SafeMedicationUse Newsletter

Navigating Safely Through a Sea of Health Information


Have you ever "Googled" your symptoms when you were feeling ill, only to get over a million hits on various medical conditions and treatments? Have you felt overwhelmed by the copious and sometimes conflicting health advice provided by news sources and the Internet?

The increasing availability of health information has pros and cons. Although it may allow us to become better informed about our health, many of us find ourselves drowning in a sea of information that may not be fully reliable. Many sources do provide credible information, but others may be inaccurate or based on hidden motives, including financial gain. Making decisions about your medicines using unreliable information can lead to harmful results. recently received a report from a consumer who became anxious after reading that one of the medicines she was taking could cause cancer. The consumer decided to visit her doctor to express her concerns-a wise decision. Healthcare providers like your pharmacist, nurse, and doctor have the expertise to help you to assess the accuracy and reliability of medical information that you read and hear about. They can help you to make informed decisions about your treatments and your health. has the following suggestions for consumers navigating through large amounts of health information:

  • Consult your healthcare provider(s) with any questions you have about the health information you've read. It is important to speak up if you have any concerns about your medicines or other treatments.
  • Obtain health information from multiple reliable sources to gain a more balanced view.
  • The following questions can help you discern between reliable information sources and those that are less reliable:
    • How often is the information updated? Reliable sources tend to be updated frequently as new information becomes available.
    • Is the information geared toward selling you a product? If yes, the information may be less reliable.
    • Are the claims based on reliable research studies, that is, studies published in well-known medical or scientific journals? Ideally, they should be. Ask your healthcare providers for help in identifying trustworthy journals.

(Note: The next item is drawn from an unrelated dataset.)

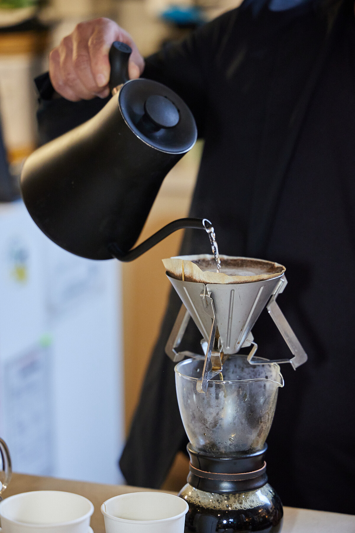 嚴謹製品,讓紐約時報曾以「邪教咖啡館(Cult Roaster)」一詞形容MORIHICO.森彥咖啡。而這樣的飲品魔法,不只源自嚴謹的選豆與烘豆過程,也來自市川草介堅持的沖泡手法。「泡咖啡的時候,最忌諱把手沖壺提得高高的、一直倒水,最好接近咖啡粉,然後再慢慢地倒水進去。」有別於一般所見的直水柱線條,他以特殊手勢所注入的水源,有時竟呈現如雨滴般的樣態,他解釋道:「這樣的方式像是在輕輕觸動它,這也是最難的一部分。那就像是以下了一場小雨的方式,接觸如乾枯大地的咖啡粉。充分浸潤之後,才會持續加放熱水。」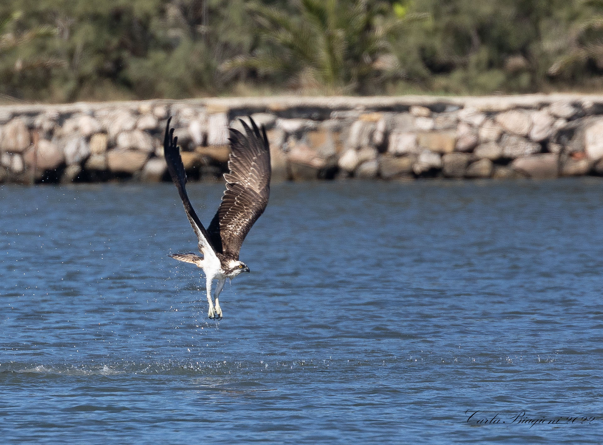 La settimana passata ero all'isola e, nella speranza di fotografare il martin pescatore sulle tamerici che circondano la laguna mi sono recata a San Giovanni. Mentre seguivo inutilmente le evoluzioni del piccolo velocissimo uccellino ho visto arrivare, con mia grande sorpresa il falco pescatore che ha planato sulla laguna ispezionando il fondo.

Tips for Healthcare Practitioners:

  • Ask patients and caregivers whether they have any questions about the patients' medical conditions, medicines, and other treatments.
  • Actively listen to your patients' concerns. Offer to help in assessing the reliability of their health information. Use patient-friendly language to enhance understanding.
  • Provide patients and caregivers with appropriate resources, including credible internet sites, for further learning.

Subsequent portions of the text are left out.